Die reaktive Interpretation der bäuerlichen Widerstände wurde aus den Quellen, die für die bäuerliche Bevölkerung aus Mangel an autobiographischen Zeugnissen und Briefwechseln v.a. aus Gerichtsakten bestehen, besonders unterstützt durch den immer wieder auftauchenden Rekurs der Bauern auf das „gute alte Recht“. Dieser bildete einen wichtigen Topos für die Legitimation bäuerlichen Widerstandes. Bauern waren bemüht, ihre Beschwerden und Forderungen in einen rechtlichen Begründungszusammenhang zu bringen. Zu diesem Zweck beriefen sie sich auf ein altes Herkommen oder eine alte Freiheit, um ihre Ziele zu erreichen. Die Vorstellung einer alten Freiheit, die nur gerüchteweise bekannte Existenz einer alten Urkunde konnte außerdem einen motivierenden Effekt für den Widerstand haben. Dieser Rechtsauffassung lag die sich mit heutigen Vorstellungen widersprechende Annahme zugrunde, dass Recht immer schon vorhanden war und nur gefunden werden musste. Aus diesem Legitimationsstrang der Bauern schlossen und schließen Historiker, dass jene reaktiv bzw. traditional handelten, also vorwiegend versuchten, alte Gewohnheiten oder Rechte wiederherzustellen. 

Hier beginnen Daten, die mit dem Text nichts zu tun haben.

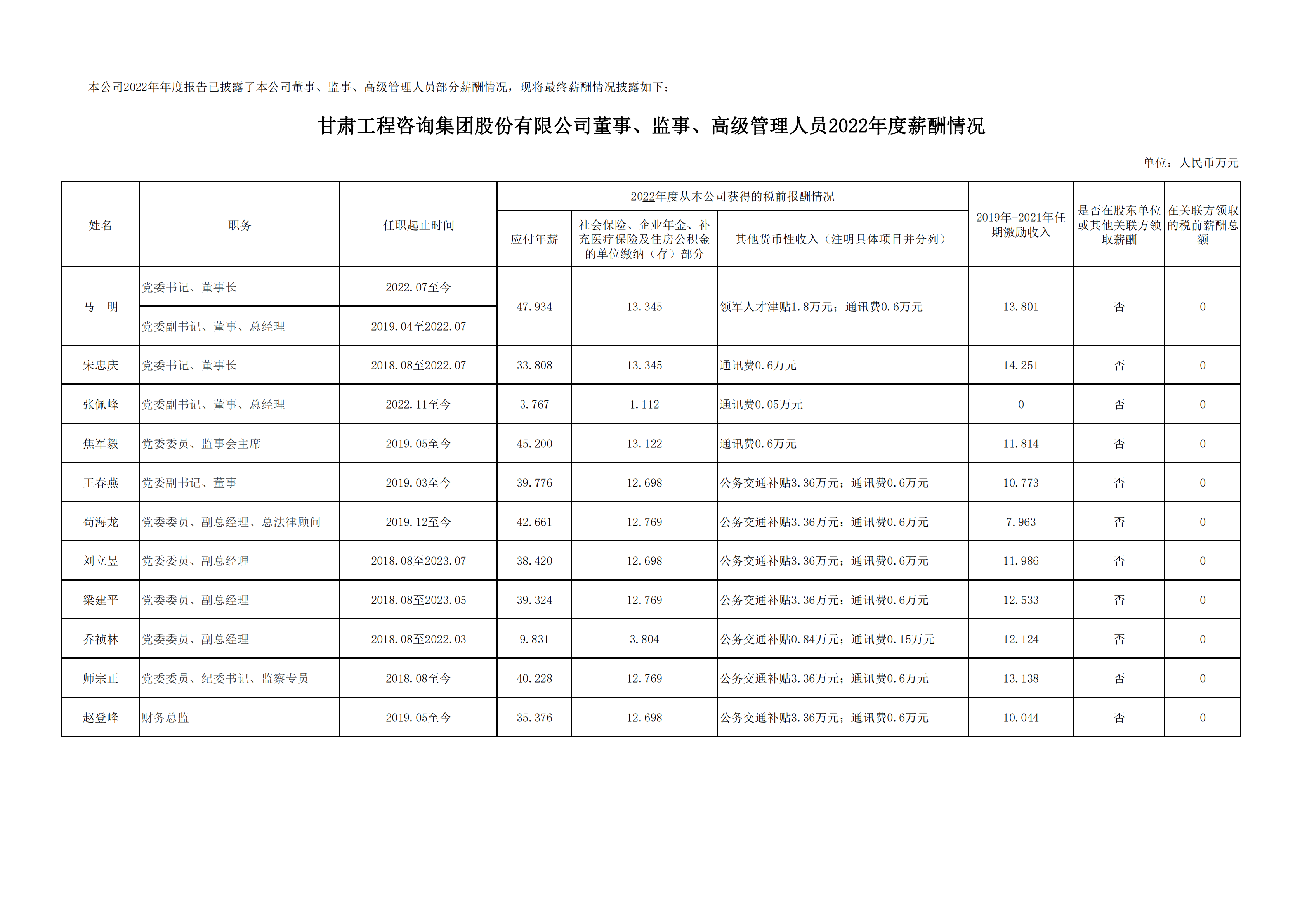 甘肅工程咨詢集團股份有限公司董事、監(jiān)事、高級管理人員2022年度薪酬情況及甘肅工程咨詢集團股份有限公司工資分配情況

Otto Brunner hat im Gegensatz dazu schon früh darauf hingewiesen, dass der Rekurs auf das „alte Recht“ nicht einfach zeigt, dass die Bauern sich an der Tradition, dem Überkommen oder der Geschichte als Glossar Legitimitätsgrund für ihren Widerstand orientierten. Die oft wiederkehrende Behauptung, etwas sei „altes Recht“, will nur dieses Recht als dem Herkommen, der Gewohnheit, dem Rechtsbewusstsein entsprechend darstellen, konnte aber auch Neuerungen beinhalten. Die Menschen lebten in einer Ordnung, die ihnen als „alt“ erschien, weil sie nach ihrer Überzeugung gut und richtig war und daher in der Geschichte gegolten hatte, wie sie in der Gegenwart galt. Alles Recht, das als gültig empfunden werden sollte, musste alt sein, da das Recht eins mit dem göttlichen Recht war. Die religiöse Fundierung des alten Rechts begründete auch die Vorstellung, dass das konkrete alte Recht mit einer idealen Gerechtigkeit identisch war. Gerechtigkeit war sowohl die Idee des Rechts, wie jeder konkrete Rechtsanspruch eines Einzelnen. Die Formel vom „guten alten Recht“ war der Ausdruck eines Rechtsdenkens, dem Recht und Gerechtigkeit identisch waren. Bauern konnten sich so auf positives altes Recht berufen, das gleichzeitig Gerechtigkeit darstellte, um für eine „gerechte Herrschaft“ zu kämpfen, d.h. entweder Ansprüche der Herrschaft zu beschränken oder selbst Druck auf die Herrschaft auszuüben, um Neuerungen durchzusetzen.

Auch Winfried Schulze grenzt sich nachdrücklich von der Vorstellung reaktiver Proteste und einer Deutung des Rekurses auf das „gute alte Recht” als Rückbezug auf eine Tradition ab und behauptet, dass die bäuerlichen Gemeinden eine Vorstellung einer Welt ohne Herren, ohne Abgaben, Dienste und Zwänge hatten und ein proaktives Bild einer bäuerlich bestimmten und selbstverwalteten Welt entwarfen. Darin herrschte die göttlich-rechtliche Vorstellung von der Gleichheit aller Menschen. Dieser „Traum der Freiheit“ gab dem praktischen Widerstand nach Schulze seine für uns so schwer nachvollziehbare Beharrlichkeit und stellte die große Utopie dar, in der jede neu erkämpfte Freiheit ein Stück dieses großen Traumes war (Literatur Schulze, Herrschaft und Widerstand, 195ff.; siehe auch Literatur Blickle, Modell bäuerlicher Rebellion, 302).